*** Opening of DATASET ***

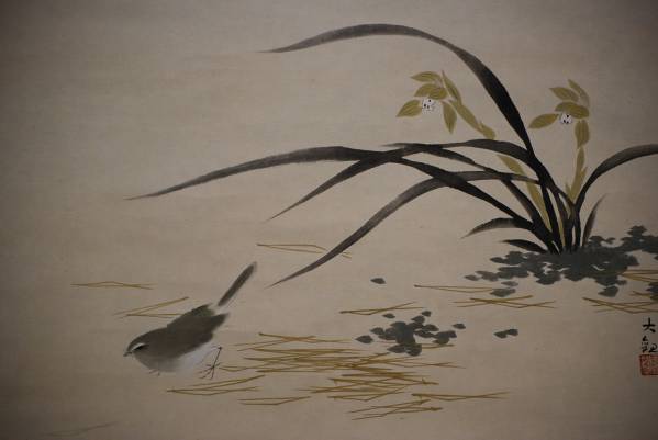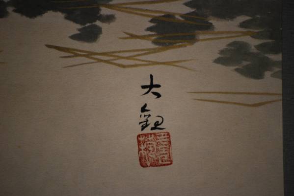 【複製】/横山大観/蘭に鴬図/工芸/【参考】 横山 大観(よこやま たいかん、正字体:大觀、1868年11月2日(明治元年9月18日) - 1958年(昭和33年)2月26日)は、日本の美術家、日本画家。常陸国水戸(現在の茨城県水戸市下市)出身。近代日本画壇の巨匠であり、今日「朦朧体(もうろうたい)」と呼ばれる、線描を抑えた独特の没線描法を確立した。帝国美術院会員。第1回文化勲章受章。死後、正三位勲一等旭日大綬章を追贈された。茨城県名誉県民。東京都台東区名誉区民。本名、横山 秀麿(よこやま ひでまろ)。 蘭に鴬図 工芸品 【作品状態】 本紙は紙本工芸品です。 本紙は概ね良好です。 表装は天に多少の汚シミがあります。 杉合箱付 軸丈 縦 135㎝×幅 71cm 写真で状態をご判断の上、宜しくお願い致します。 ≪注意事項≫ ※質問などについては常時チェックが出来ない為、直ぐにお応え場出来ない場合があります。 ※商品説明・写真をご確認の上、十分にご検討頂きご入札をお願い致します。 ※【真作】と明記のある作品について万一、所定鑑定機関にて真作でないと鑑定された場合は内容証明書を 提示頂ければ返品をお受けし、商品代金のみ返金致します。返品は落札後10日間です。 ご理解の程、宜しくお願い申し上げます。 ≪お知らせ事項≫ 一両日中に2点以上ご落札頂いた上、同梱発送の場合は送料無料に致します。 屋号を布袋屋と致しました。布袋屋は別IDでも多数出品しておりますので、布袋屋掛軸と検索してみて下さい。宜しくお願い致します。 ≪Yahoo!ルール改定≫ 2017年10月25日よりYahoo!の≪絵画の出品に関するルール改定≫が施行されました。 この改定により特定の作者の作品としている場合は、タイトル頭標記へ【真作】または【模写】と明記する事となりました。 タイトル頭標記の分類は下記と致します。 【真作】真作(絵画)・真筆(書)作品の事。 【模写】印刷や工芸等ではなく、人が描いた(書いた)作品の事。 (所定鑑定機関の鑑定が無い作品、僅かでも真作ではないと疑いのある作品、 当方で判断出来ない作品、落款や号は分かっているが フルネームが不明な作者不詳の作品も全て【模写】と表記致します。) 【版画】リトグラフ・木版画・水印版画・銅版画・拓本・石刷作品の事。 【複製】印刷・工芸・工藝作品の事。 【不詳】印刷や工芸等ではなく、人が描いた(書いた)作品で 作者の落款・印章が読めない作者不詳作品。 又は、無落款・無印章で作者不明作品の事。
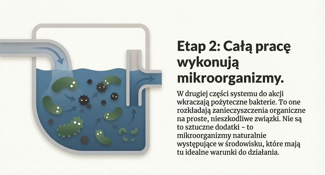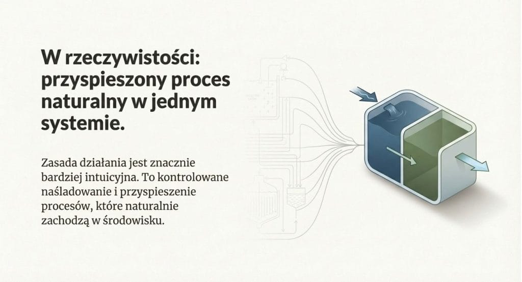 Choć nazwa może brzmieć technicznie, zasada działania jest dość logiczna. Ścieki z domu trafiają do pierwszego zbiornika, gdzie oddzielane są grubsze zanieczyszczenia. Następnie przechodzą przez etap biologicznego oczyszczania, w którym mikroorganizmy rozkładają związki organiczne.
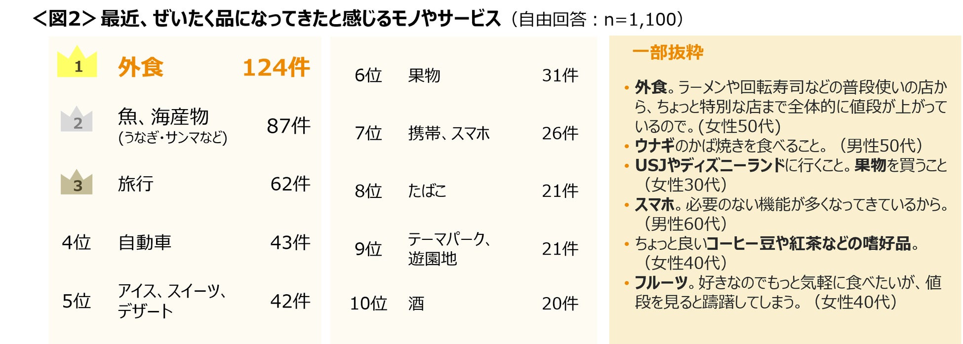 最近、ぜいたく品になってきたと感じるモノやサービスとしては「外食」が124件でTOP。「魚・海産物(うなぎ・サンマなど)」「旅行」「自動車」が続く。<図2>
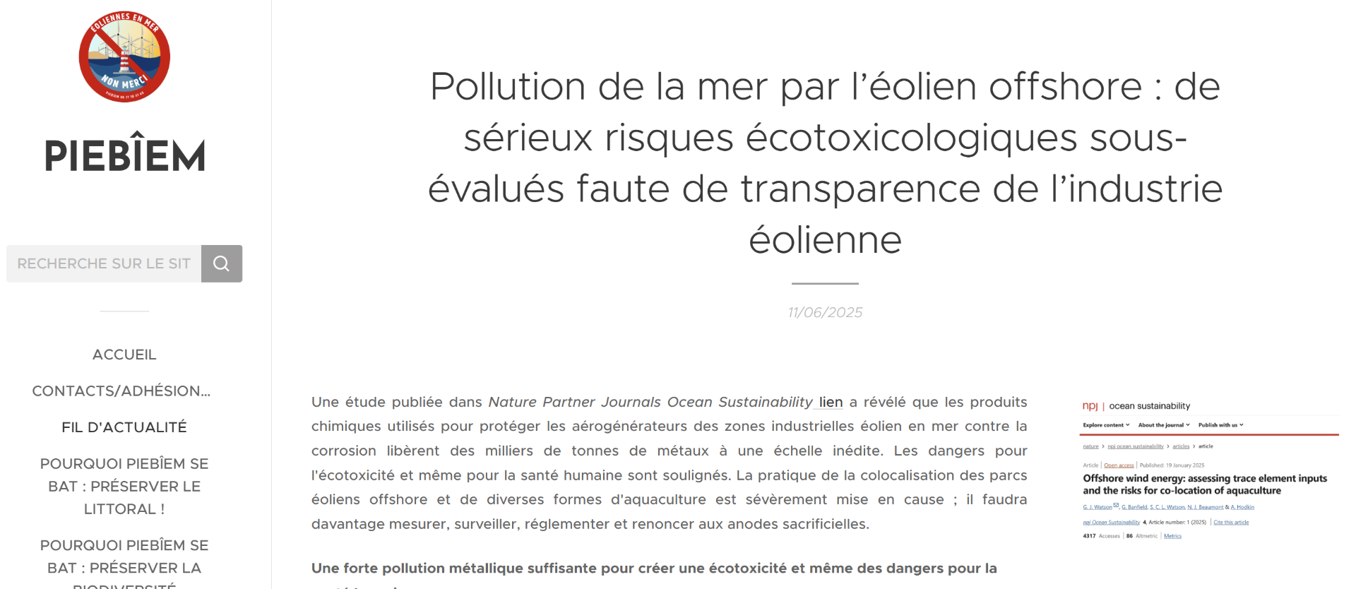 PIEBÎEM : Une étude publiée dans Nature Partner Journals Ocean Sustainability a révélé que les produits chimiques utilisés pour protéger les éoliennes en mer contre la corrosion libèrent « des milliers de tonnes de métaux tels que l'aluminium, le zinc et l'indium » chaque année, suffisamment pour atteindre des niveaux toxiques induisant des concentrations tissulaires élevées dans les huîtres, les moules et le varech… qui pourraient « largement dépasser » « l'apport hebdomadaire tolérable » pour un adulte. Lien
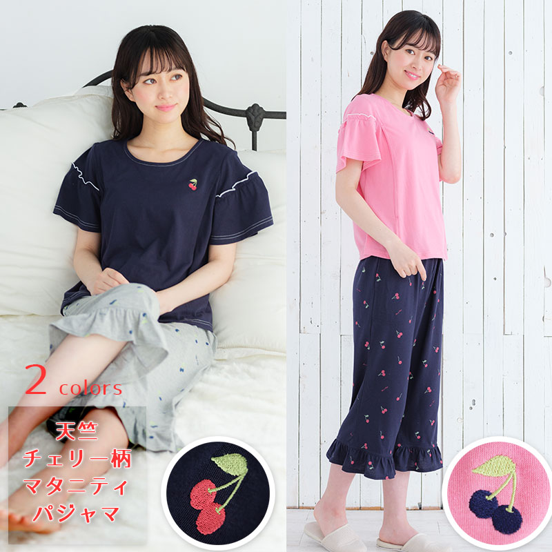 【送料無料】【マタニティ パジャマ】/夏・春夏/天竺 可愛いチェリー柄 マタニティ パジャマ / 授乳口/ピンク・紺/授乳口付き 半袖/春夏〜夏 おしゃれ/部屋着/産院への入院用

*** Close of DATASET ***

Produce a verbatim copy of all records, minus pictures.

ANSWER TO THIS TASK:
 【複製】/横山大観/蘭に鴬図/工芸/【参考】 横山 大観(よこやま たいかん、正字体:大觀、1868年11月2日(明治元年9月18日) - 1958年(昭和33年)2月26日)は、日本の美術家、日本画家。常陸国水戸(現在の茨城県水戸市下市)出身。近代日本画壇の巨匠であり、今日「朦朧体(もうろうたい)」と呼ばれる、線描を抑えた独特の没線描法を確立した。帝国美術院会員。第1回文化勲章受章。死後、正三位勲一等旭日大綬章を追贈された。茨城県名誉県民。東京都台東区名誉区民。本名、横山 秀麿(よこやま ひでまろ)。 蘭に鴬図 工芸品 【作品状態】 本紙は紙本工芸品です。 本紙は概ね良好です。 表装は天に多少の汚シミがあります。 杉合箱付 軸丈 縦 135㎝×幅 71cm 写真で状態をご判断の上、宜しくお願い致します。 ≪注意事項≫ ※質問などについては常時チェックが出来ない為、直ぐにお応え場出来ない場合があります。 ※商品説明・写真をご確認の上、十分にご検討頂きご入札をお願い致します。 ※【真作】と明記のある作品について万一、所定鑑定機関にて真作でないと鑑定された場合は内容証明書を 提示頂ければ返品をお受けし、商品代金のみ返金致します。返品は落札後10日間です。 ご理解の程、宜しくお願い申し上げます。 ≪お知らせ事項≫ 一両日中に2点以上ご落札頂いた上、同梱発送の場合は送料無料に致します。 屋号を布袋屋と致しました。布袋屋は別IDでも多数出品しておりますので、布袋屋掛軸と検索してみて下さい。宜しくお願い致します。 ≪Yahoo!ルール改定≫ 2017年10月25日よりYahoo!の≪絵画の出品に関するルール改定≫が施行されました。 この改定により特定の作者の作品としている場合は、タイトル頭標記へ【真作】または【模写】と明記する事となりました。 タイトル頭標記の分類は下記と致します。 【真作】真作(絵画)・真筆(書)作品の事。 【模写】印刷や工芸等ではなく、人が描いた(書いた)作品の事。 (所定鑑定機関の鑑定が無い作品、僅かでも真作ではないと疑いのある作品、 当方で判断出来ない作品、落款や号は分かっているが フルネームが不明な作者不詳の作品も全て【模写】と表記致します。) 【版画】リトグラフ・木版画・水印版画・銅版画・拓本・石刷作品の事。 【複製】印刷・工芸・工藝作品の事。 【不詳】印刷や工芸等ではなく、人が描いた(書いた)作品で 作者の落款・印章が読めない作者不詳作品。 又は、無落款・無印章で作者不明作品の事。
 Choć nazwa może brzmieć technicznie, zasada działania jest dość logiczna. Ścieki z domu trafiają do pierwszego zbiornika, gdzie oddzielane są grubsze zanieczyszczenia. Następnie przechodzą przez etap biologicznego oczyszczania, w którym mikroorganizmy rozkładają związki organiczne.
 最近、ぜいたく品になってきたと感じるモノやサービスとしては「外食」が124件でTOP。「魚・海産物(うなぎ・サンマなど)」「旅行」「自動車」が続く。<図2>
 PIEBÎEM : Une étude publiée dans Nature Partner Journals Ocean Sustainability a révélé que les produits chimiques utilisés pour protéger les éoliennes en mer contre la corrosion libèrent « des milliers de tonnes de métaux tels que l'aluminium, le zinc et l'indium » chaque année, suffisamment pour atteindre des niveaux toxiques induisant des concentrations tissulaires élevées dans les huîtres, les moules et le varech… qui pourraient « largement dépasser » « l'apport hebdomadaire tolérable » pour un adulte. Lien
 【送料無料】【マタニティ パジャマ】/夏・春夏/天竺 可愛いチェリー柄 マタニティ パジャマ / 授乳口/ピンク・紺/授乳口付き 半袖/春夏〜夏 おしゃれ/部屋着/産院への入院用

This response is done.